YOUR ASSIGNMENT = The part below that opens with the line containing "This bracelet is" and closes with the line containing "活动中,刑庭法官助理马雯苧围" should be copied exactly, minus any pictures.

PROVIDED ENTRIES Block Start

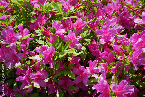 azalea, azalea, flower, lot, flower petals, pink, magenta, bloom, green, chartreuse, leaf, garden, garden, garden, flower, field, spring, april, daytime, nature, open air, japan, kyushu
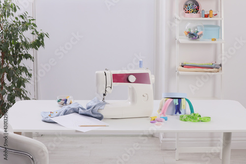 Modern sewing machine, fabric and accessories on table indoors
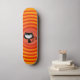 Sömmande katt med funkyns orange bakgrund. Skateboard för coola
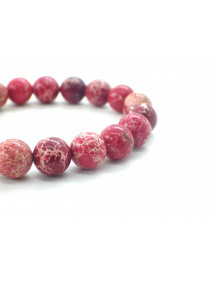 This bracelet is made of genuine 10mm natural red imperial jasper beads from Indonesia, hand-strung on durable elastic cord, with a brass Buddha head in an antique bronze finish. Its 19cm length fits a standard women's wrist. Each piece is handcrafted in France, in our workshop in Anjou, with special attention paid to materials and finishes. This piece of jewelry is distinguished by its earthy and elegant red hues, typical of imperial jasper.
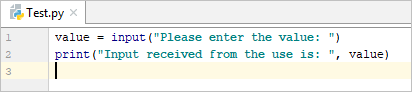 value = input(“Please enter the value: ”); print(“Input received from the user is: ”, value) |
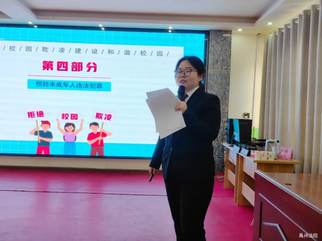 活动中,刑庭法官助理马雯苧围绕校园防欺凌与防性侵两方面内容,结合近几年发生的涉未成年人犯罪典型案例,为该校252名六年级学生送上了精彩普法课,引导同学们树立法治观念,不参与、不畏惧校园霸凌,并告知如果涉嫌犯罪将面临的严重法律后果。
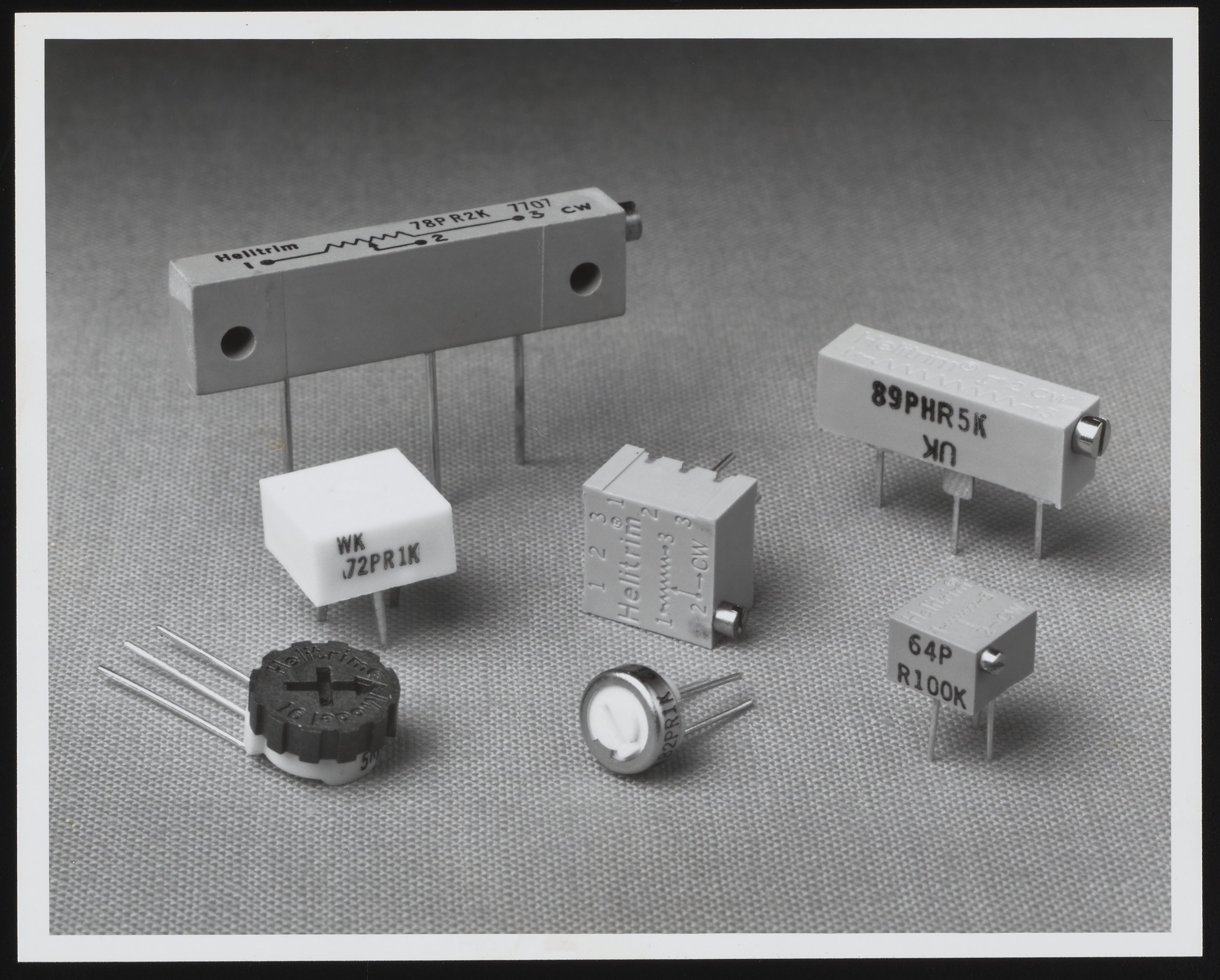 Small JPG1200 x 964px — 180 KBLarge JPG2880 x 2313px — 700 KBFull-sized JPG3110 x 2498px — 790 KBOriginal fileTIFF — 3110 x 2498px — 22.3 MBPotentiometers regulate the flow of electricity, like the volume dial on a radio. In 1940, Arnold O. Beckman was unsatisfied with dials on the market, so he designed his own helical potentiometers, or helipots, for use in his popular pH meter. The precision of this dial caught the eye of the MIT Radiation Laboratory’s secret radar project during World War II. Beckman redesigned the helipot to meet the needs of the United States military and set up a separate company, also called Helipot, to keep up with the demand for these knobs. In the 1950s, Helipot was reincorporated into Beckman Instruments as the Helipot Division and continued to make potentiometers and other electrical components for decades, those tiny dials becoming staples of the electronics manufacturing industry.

PROVIDED ENTRIES Block End

SOLUTION TO THE EXERCISE =
 This bracelet is made of genuine 10mm natural red imperial jasper beads from Indonesia, hand-strung on durable elastic cord, with a brass Buddha head in an antique bronze finish. Its 19cm length fits a standard women's wrist. Each piece is handcrafted in France, in our workshop in Anjou, with special attention paid to materials and finishes. This piece of jewelry is distinguished by its earthy and elegant red hues, typical of imperial jasper.
 value = input(“Please enter the value: ”); print(“Input received from the user is: ”, value) |
 活动中,刑庭法官助理马雯苧围绕校园防欺凌与防性侵两方面内容,结合近几年发生的涉未成年人犯罪典型案例,为该校252名六年级学生送上了精彩普法课,引导同学们树立法治观念,不参与、不畏惧校园霸凌,并告知如果涉嫌犯罪将面临的严重法律后果。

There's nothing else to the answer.